## DATA LISTING
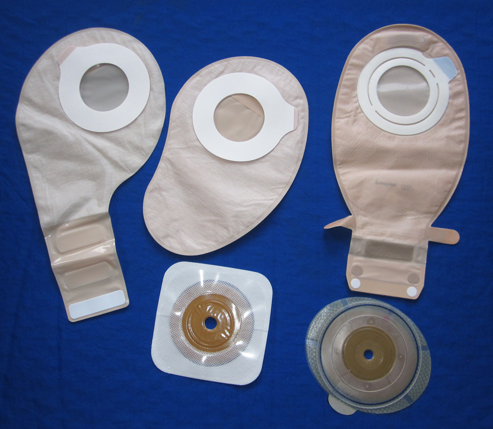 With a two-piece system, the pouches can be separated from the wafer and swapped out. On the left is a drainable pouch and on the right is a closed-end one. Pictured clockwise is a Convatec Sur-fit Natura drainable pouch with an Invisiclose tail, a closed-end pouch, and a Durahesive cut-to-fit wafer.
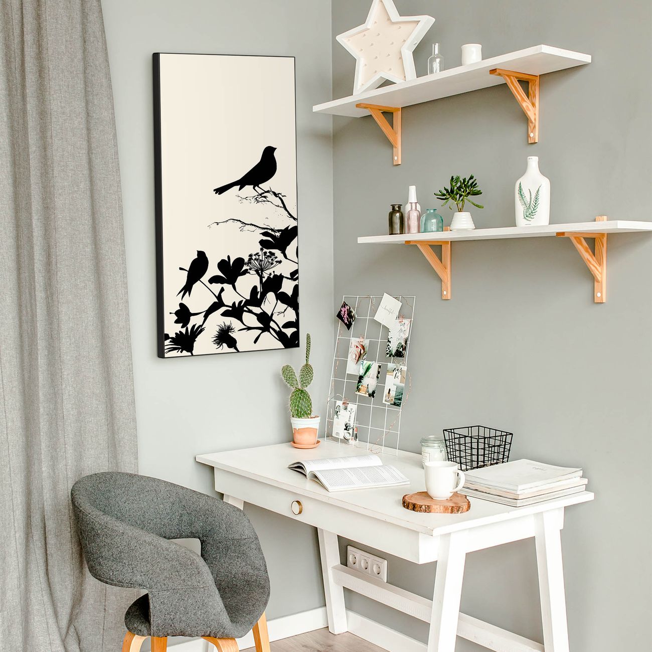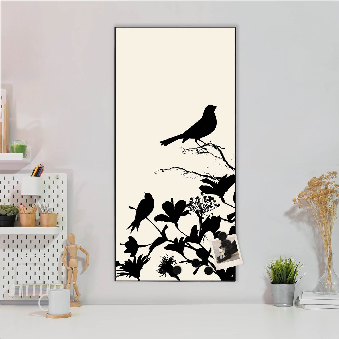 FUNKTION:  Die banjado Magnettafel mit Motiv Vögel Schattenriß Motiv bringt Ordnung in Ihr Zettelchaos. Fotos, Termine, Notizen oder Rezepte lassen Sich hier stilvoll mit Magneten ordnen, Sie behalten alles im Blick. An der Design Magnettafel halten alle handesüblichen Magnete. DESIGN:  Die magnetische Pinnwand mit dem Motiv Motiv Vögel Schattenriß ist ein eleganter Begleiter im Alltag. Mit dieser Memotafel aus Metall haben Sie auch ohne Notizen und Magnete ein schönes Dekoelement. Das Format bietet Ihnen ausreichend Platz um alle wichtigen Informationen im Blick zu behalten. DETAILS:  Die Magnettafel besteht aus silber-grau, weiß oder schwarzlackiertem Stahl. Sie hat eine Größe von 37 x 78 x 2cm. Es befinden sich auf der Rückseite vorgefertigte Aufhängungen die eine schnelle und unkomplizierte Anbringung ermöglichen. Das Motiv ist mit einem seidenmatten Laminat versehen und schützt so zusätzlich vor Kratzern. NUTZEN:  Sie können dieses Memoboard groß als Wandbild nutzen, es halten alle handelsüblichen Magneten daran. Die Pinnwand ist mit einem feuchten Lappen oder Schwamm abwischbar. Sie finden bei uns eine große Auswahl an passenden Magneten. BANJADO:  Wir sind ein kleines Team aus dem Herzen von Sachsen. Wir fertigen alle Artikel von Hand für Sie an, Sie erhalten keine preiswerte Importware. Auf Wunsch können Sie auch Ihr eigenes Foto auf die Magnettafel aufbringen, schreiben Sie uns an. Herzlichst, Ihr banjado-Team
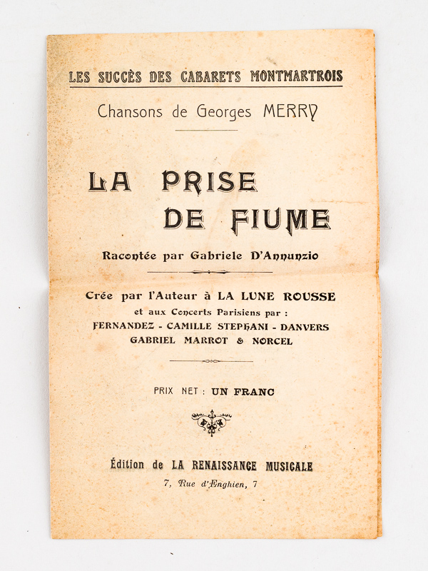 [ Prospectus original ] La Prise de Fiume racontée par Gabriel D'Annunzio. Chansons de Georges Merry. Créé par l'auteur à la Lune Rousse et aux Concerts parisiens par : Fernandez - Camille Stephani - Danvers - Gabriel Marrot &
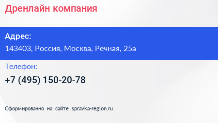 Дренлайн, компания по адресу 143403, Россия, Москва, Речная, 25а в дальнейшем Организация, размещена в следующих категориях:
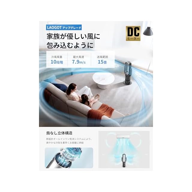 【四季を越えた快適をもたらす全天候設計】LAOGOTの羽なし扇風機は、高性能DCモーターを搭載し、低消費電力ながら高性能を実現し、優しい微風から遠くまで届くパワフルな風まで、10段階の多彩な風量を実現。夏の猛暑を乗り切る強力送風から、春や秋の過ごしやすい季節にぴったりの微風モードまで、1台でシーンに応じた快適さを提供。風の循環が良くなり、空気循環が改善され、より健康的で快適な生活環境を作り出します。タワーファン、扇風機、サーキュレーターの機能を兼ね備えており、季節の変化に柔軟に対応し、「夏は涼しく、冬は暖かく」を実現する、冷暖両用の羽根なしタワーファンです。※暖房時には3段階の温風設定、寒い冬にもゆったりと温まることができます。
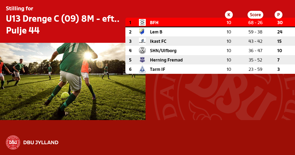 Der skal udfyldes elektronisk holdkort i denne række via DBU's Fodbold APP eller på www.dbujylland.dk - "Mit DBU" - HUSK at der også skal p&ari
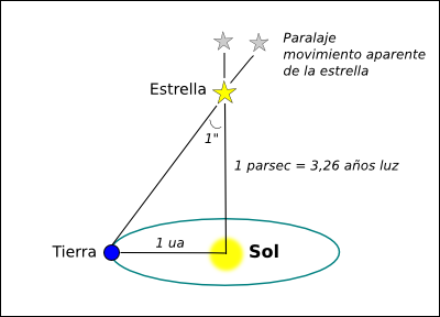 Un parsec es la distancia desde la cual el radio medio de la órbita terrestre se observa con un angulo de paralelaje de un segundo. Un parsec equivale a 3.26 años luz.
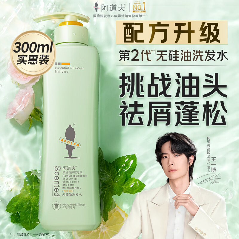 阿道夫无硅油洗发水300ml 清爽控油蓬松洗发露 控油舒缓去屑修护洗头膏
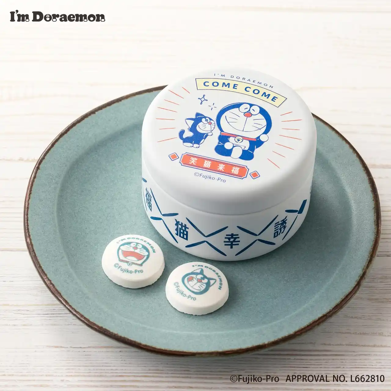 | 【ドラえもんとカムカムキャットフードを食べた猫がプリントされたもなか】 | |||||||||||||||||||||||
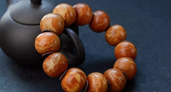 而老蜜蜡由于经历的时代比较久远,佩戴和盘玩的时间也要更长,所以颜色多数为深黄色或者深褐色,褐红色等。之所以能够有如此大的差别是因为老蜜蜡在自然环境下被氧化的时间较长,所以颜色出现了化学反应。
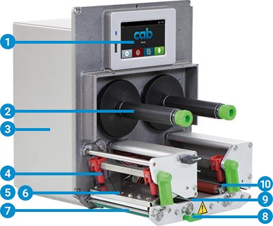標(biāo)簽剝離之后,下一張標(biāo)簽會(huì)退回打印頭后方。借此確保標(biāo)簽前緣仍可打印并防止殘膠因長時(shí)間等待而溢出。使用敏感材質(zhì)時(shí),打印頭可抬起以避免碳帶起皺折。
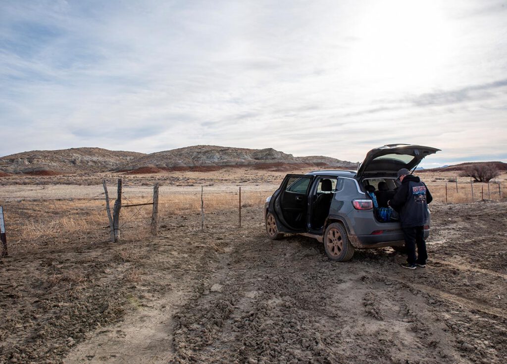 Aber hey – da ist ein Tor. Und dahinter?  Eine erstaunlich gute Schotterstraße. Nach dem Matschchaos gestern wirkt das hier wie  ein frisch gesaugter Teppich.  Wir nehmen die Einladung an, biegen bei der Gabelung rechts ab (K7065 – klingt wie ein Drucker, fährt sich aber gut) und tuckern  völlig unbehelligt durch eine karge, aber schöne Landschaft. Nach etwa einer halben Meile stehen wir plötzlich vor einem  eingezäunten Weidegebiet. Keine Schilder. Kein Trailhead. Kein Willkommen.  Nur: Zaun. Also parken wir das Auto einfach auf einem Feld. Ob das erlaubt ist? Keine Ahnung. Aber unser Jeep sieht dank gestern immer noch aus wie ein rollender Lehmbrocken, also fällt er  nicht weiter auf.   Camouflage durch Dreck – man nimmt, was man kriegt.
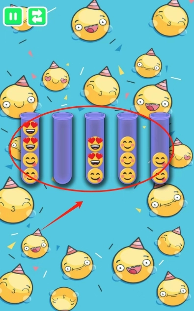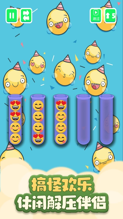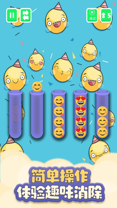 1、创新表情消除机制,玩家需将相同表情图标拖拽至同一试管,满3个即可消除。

==

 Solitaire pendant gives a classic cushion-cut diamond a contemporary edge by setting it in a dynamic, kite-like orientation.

---

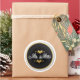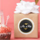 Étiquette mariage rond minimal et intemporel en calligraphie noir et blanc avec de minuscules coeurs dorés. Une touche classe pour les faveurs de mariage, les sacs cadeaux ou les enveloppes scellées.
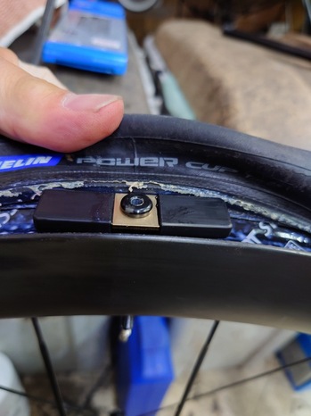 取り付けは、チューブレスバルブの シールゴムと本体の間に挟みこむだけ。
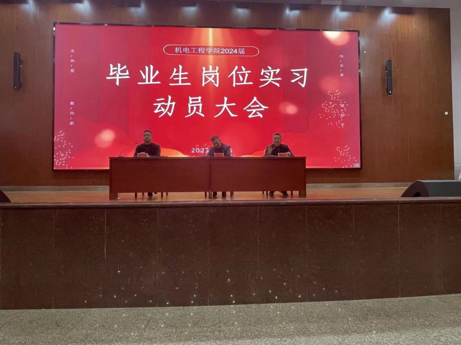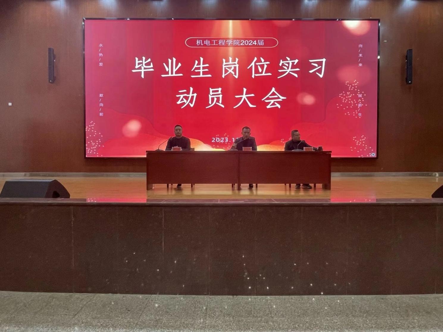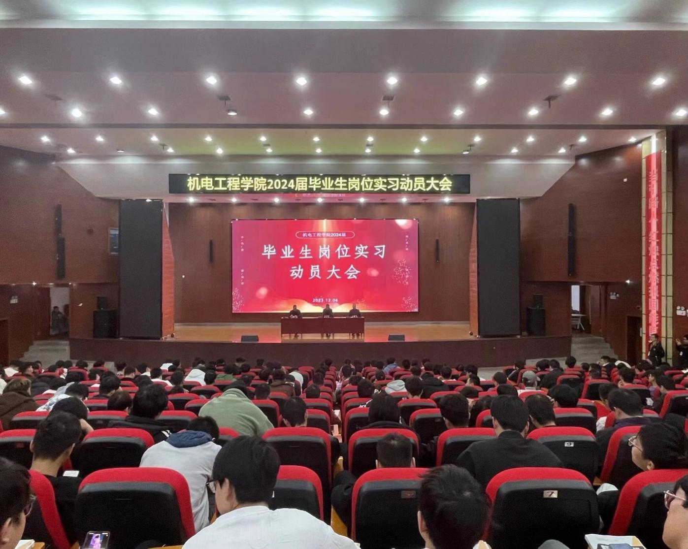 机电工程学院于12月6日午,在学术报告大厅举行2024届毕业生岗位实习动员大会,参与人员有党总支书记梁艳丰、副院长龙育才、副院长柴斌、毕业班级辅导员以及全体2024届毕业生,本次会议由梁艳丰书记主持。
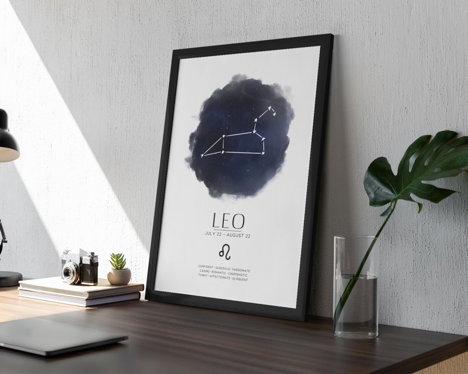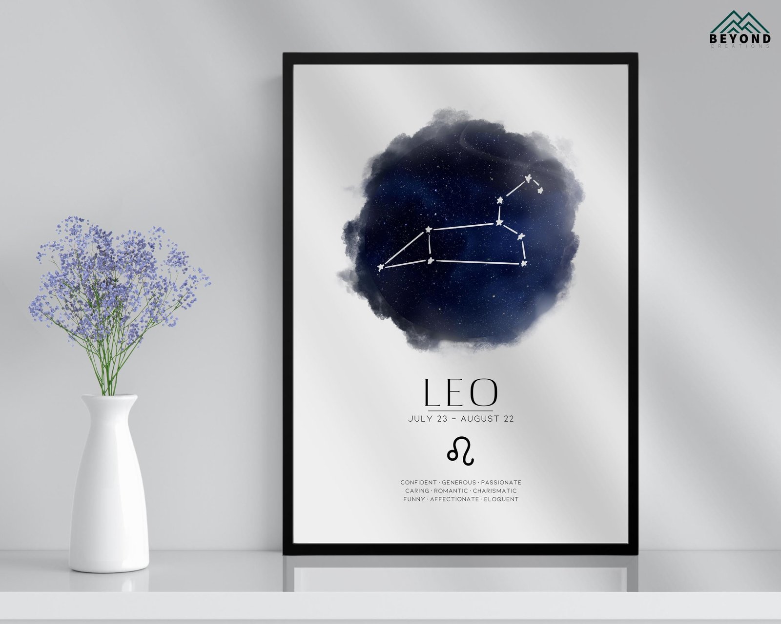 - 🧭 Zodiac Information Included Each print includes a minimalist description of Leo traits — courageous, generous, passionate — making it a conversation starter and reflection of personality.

## TASK DESCRIPTION
Starting at the line above with "取り付けは、チューブレスバルブの シールゴムと本体の間に挟みこむだけ。", output every line exactly up to and including the line with "- 🧭 Zodiac Information", but none of the pictures.

## ANSWER BELOW
 取り付けは、チューブレスバルブの シールゴムと本体の間に挟みこむだけ。
 机电工程学院于12月6日午,在学术报告大厅举行2024届毕业生岗位实习动员大会,参与人员有党总支书记梁艳丰、副院长龙育才、副院长柴斌、毕业班级辅导员以及全体2024届毕业生,本次会议由梁艳丰书记主持。
 - 🧭 Zodiac Information Included Each print includes a minimalist description of Leo traits — courageous, generous, passionate — making it a conversation starter and reflection of personality.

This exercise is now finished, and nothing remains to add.